That defining moment

I wrote a similar version of this blog a couple of years ago for the site Daily Jesus, which is still there but has become inactive. I’m revising and reposting it here.

God rays in Israel
God rays in Israel (Photo credit: wili_hybrid)

When people meet someone new, it’s a common practice to ask what each other does for a living. It also seems commonplace in a church setting for people to discuss their testimonies, specifically how long they’ve been a Christian or what church they attend.

Imagine being in the awkward situation of not being able to answer that first question! Strange, I know. But a couple of years ago, I struggled to be able to tell people just when I became a Christian. This became an issue when I tried to start writing my testimony.

The history

Here’s the deal. I was raised in a strong Christian home and knew stories about Jesus from the time I was incredibly young. I’m not even sure how old I was when I accepted Jesus but I know I knew what I was doing and was making my own decision. It was also my own decision to be baptized in second grade.

So what happened? Lots that I won’t go in to, but basically over the years I got the idea of how many Christians behave mixed up with the idea of who God is. My heart and mind got trapped in the legalism and judgment of it all instead of focusing on God’s love, acceptance and truth.

I never stopped believing in God, I just had an ever-decreasing desire to have a real relationship with him. I used to do devotions out of guilt (or as a homework assignment…I went to Christian schools growing up). But somehow they never meant much to me. I was wracked with guilt over this and wondered if I was really a Christian. Sure, I lived the lifestyle but there was no spiritual relationship there. I lived the life because it was how I was raised and it was expected behavior out of a good church leader’s kid.

My theology says yes, I was a Christian even then, because I had accepted God’s gift of salvation and never stopped doubting his power. But something in my heart wondered how that could be possible that I could still be a Christian when I had no real, faithful relationship with Christ.

Fast forward about 15 years. I was in my late 20s and had quit going to church or even trying to read my Bible. I decided doing anything out of guilt was wrong and I couldn’t do it any more. I was trying to figure out my standards on a lot of issues and I knew I wasn’t settling on Godly solutions. In the back of my mind I knew returning to God was the right thing to do but I was so filled with anger and mistrust I couldn’t do it.

I reached a point of rock bottom emotionally, spiritually and mentally. I knew the life I was living was tearing me down and in my head I knew God was the answer but my heart was still leery. So that’s when I made my “deal” with God.

I told him I would try the relationship “thing” under one condition. That it be all about him. Not about Christians and the rules or expectations they place. Not about life’s disappointments and pain. Just him. Focusing on his power, his glory, just him.

The conundrum

So back to the original point. I wasn’t sure when I became a Christian. Was it when I asked Jesus into my heart, just like my theology (and I believe the Bible) says? Or was it when I decided to start actually having a real relationship with God?

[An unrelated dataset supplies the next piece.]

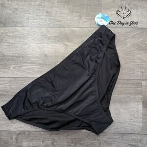 A sleek black hipster bikini, so perfect to wear, made with soft nylon and spandex with flair! This low-rise bottom from Decree is brand new with its tags, ready to make you feel fabulous whether swimming or catching rays!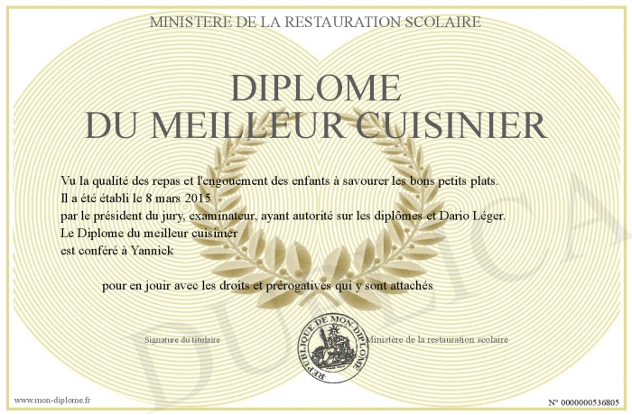 Envoyez par email votre Diplôme du meilleur cuisinier personalisé

I’ve asked many wise Christian friends and one of my pastors and I think I’ve settled on an answer. I can, in clear conscience, say that I became a Christian as a child but that I started truly living it a few years ago.

I see it as something of stages. The actual salvation happened as a child but as we all grow and develop in our relationships with God and others, things change and we either get closer or farther away. I went farther away but then I came back. I think this is part of the natural process of growing in Christ, I just did it in a more extreme way *smile.*

I liked how my pastor put it so I’m going to quote him for a moment.
“In the Romans message we talk about the fullness of Salvation—God saved us (justification). God is saving us (sanctification). And God will save us (glorification). When someone becomes a Christian, they get the whole package of salvation. But they may not realize or grow into that whole package right away. This is especially true of children who receive Christ at an early age. They buy into the justification part of salvation … Jesus forgives my sin and pays my debt. But they don’t know what it means to embrace the rest of salvation… Jesus is changing me continually as I walk with Him (sanctification)… and I can’t wait until He finishes the job when I’m with Him (glorification).”

So what now?

I’m hoping to be rebaptized sometime but don’t know when. God will tell me when my heart and mind are ready! I don’t consider my original baptism “invalid” (in fact, the implication I get of that from some churches downright offends me), but I want to make a new statement. The last time I was making a statement of childlike faith. Now I want a grownup relationship with Christ and I want something that symbolizes that.

I pray that as I trudge forward in this life, I will continue to keep my eyes on Christ … and him alone.